An elegant Gothic hall designed by architect William Adams Delano, Class of 1895, was built in the place of Alumni Hall in 1911-1912. Accommodating 150, it was the largest dormitory on the Old Campus. The hall was also a memorial to others; two entries, five classrooms and twenty-five rooms were donated and named after deceased alumni. One suite was named for Wright’s son Alfred Parks Wright, Class of 1901, who died in May of his senior year. This building completed the new quadrangle begun with Farnam Hall in 1869.
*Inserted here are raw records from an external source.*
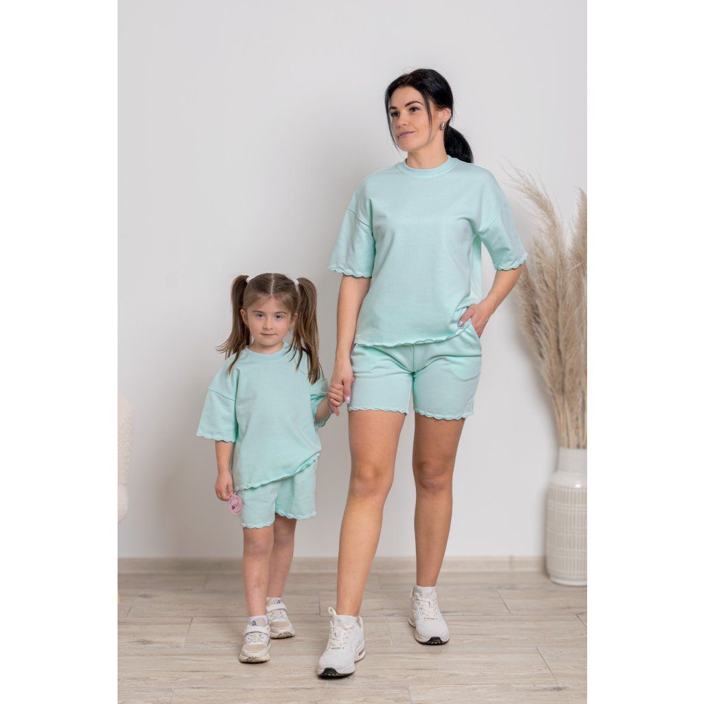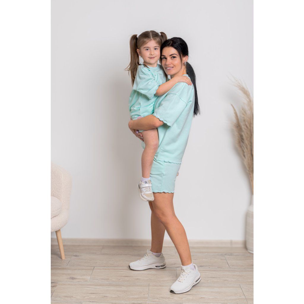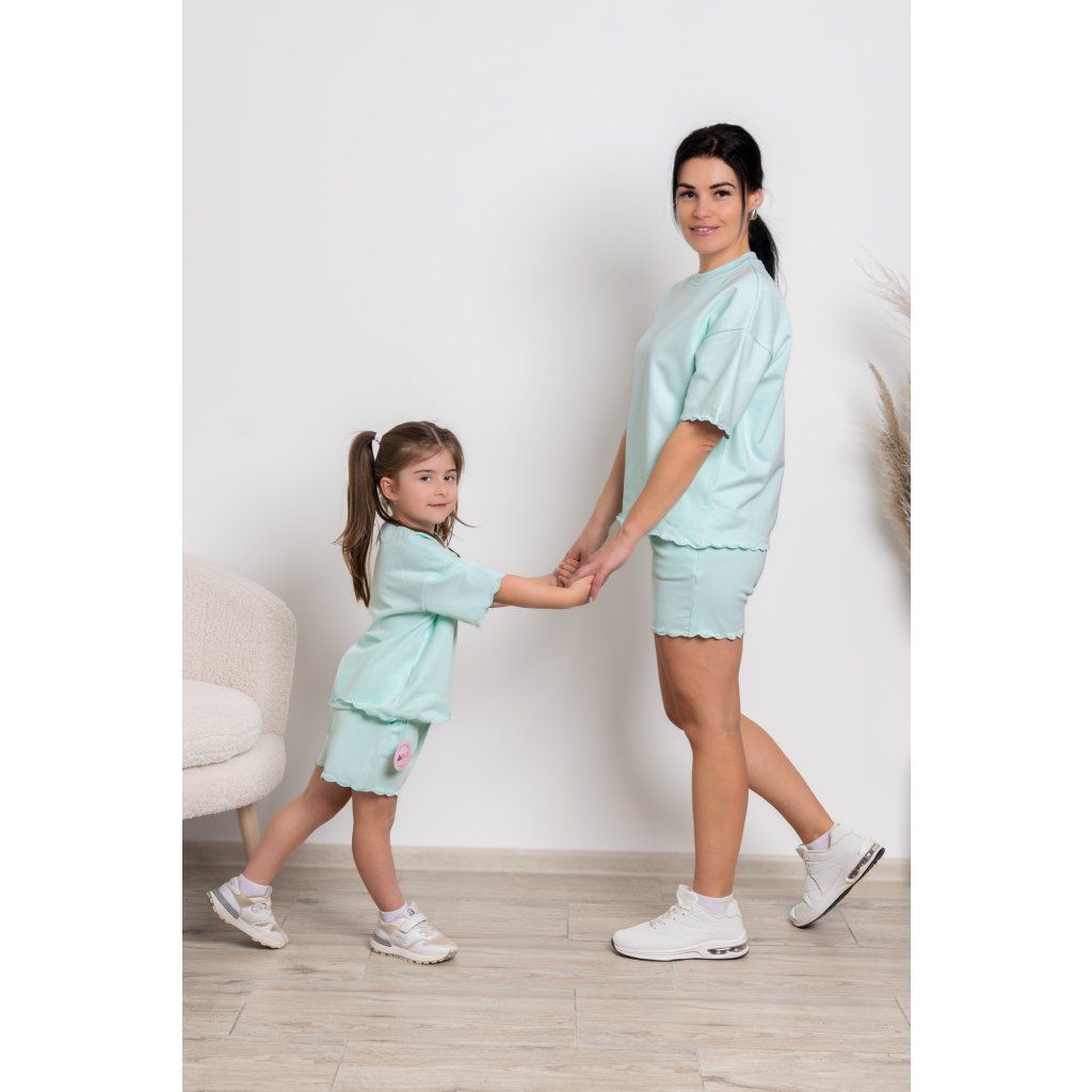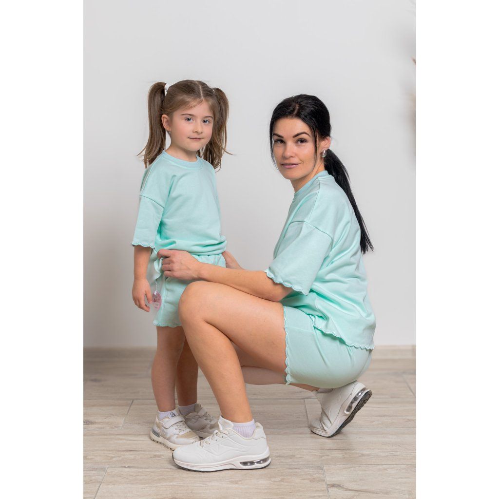 Prežite krásne letné chvíle v dokonale zladenom outfite, ktorý spája pohodlie, jemnosť a svieži štýl. Súprava Liana v mentolovej farbe je navrhnutá pre mamičky a ich dcérky, ktoré sa chcú cítiť pohodlne, slobodne a zároveň krásne zladené. Či už sa chystáte na výlet, prechádzku, dovolenku alebo si chcete užiť obyčajný deň spolu, Liana je presne ten outfit, po ktorom siahnete bez rozmýšľania.
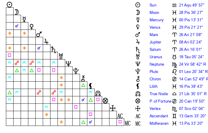 | Sun | 21 Aquarius 50 | 23 Aquarius 13 | 15 Taurus 59 |
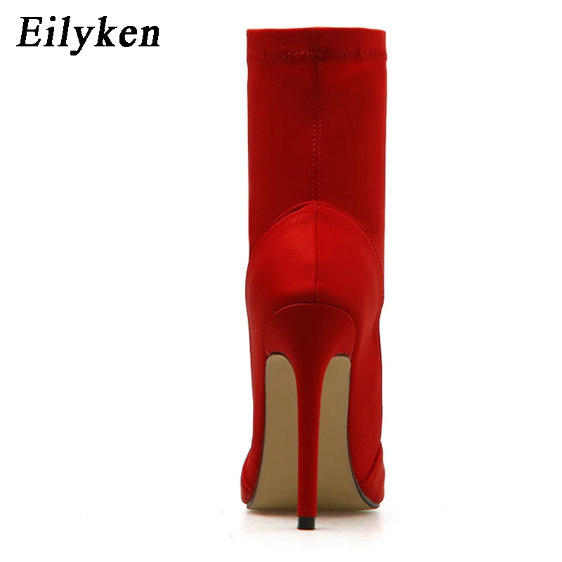 . Comprar Eilyken tejido elástico botas de tobillo para las mujeres del alto talón del dedo del pie acentuado otoño damas botines 2018 mujer rojo negro Online Baratos.

On November 23, 1912, a few hours before the Yale-Harvard game, a group of alumni gathered to dedicate Wright Memorial Hall on the Old Campus in honor of Henry Parks Wright, in a significant break from tradition since the new residence and lecture hall (which was renamed Lanman-Wright Hall in 1993) became the first building at Yale to be named in honor of a living person. But 25 classes had cherished Wright’s counsel and friendship, and upon his retirement in 1909, they came together to fund an edifice that would fulfill Wright’s dream of unifying undergraduate life.

===End of life===
He retired in 1909 and died in New Haven, Connecticut on 17 March 1918.

==Recognition and distinctions==
Henry P. Wright was a trustee of the Connecticut College for Women at New London and of the Hopkins Grammar School at New Haven. He was a member of the Committee on the Civil War Memorial erected at Yale.

At Wright’s retirement, a Yale professor said that Henry P. Wright had introduced “a new era” in student-faculty relations. “ To arbitrate between a large body of impulsive young men and a College Faculty, is no light matter. We all know how volcanic is the one, and how full of horned cattle is the other.”

During the construction of Wright Hall in 1911, a poignant testimonial by a former student was published in The Heir of Slaves, by William Pickens, Class of 1904: “Dean Henry P. Wright of Yale, after reading the recommendations of my former teachers, had written that I could enter the junior class. This great scholar and good man has been a constant friend since that first acquaintance.”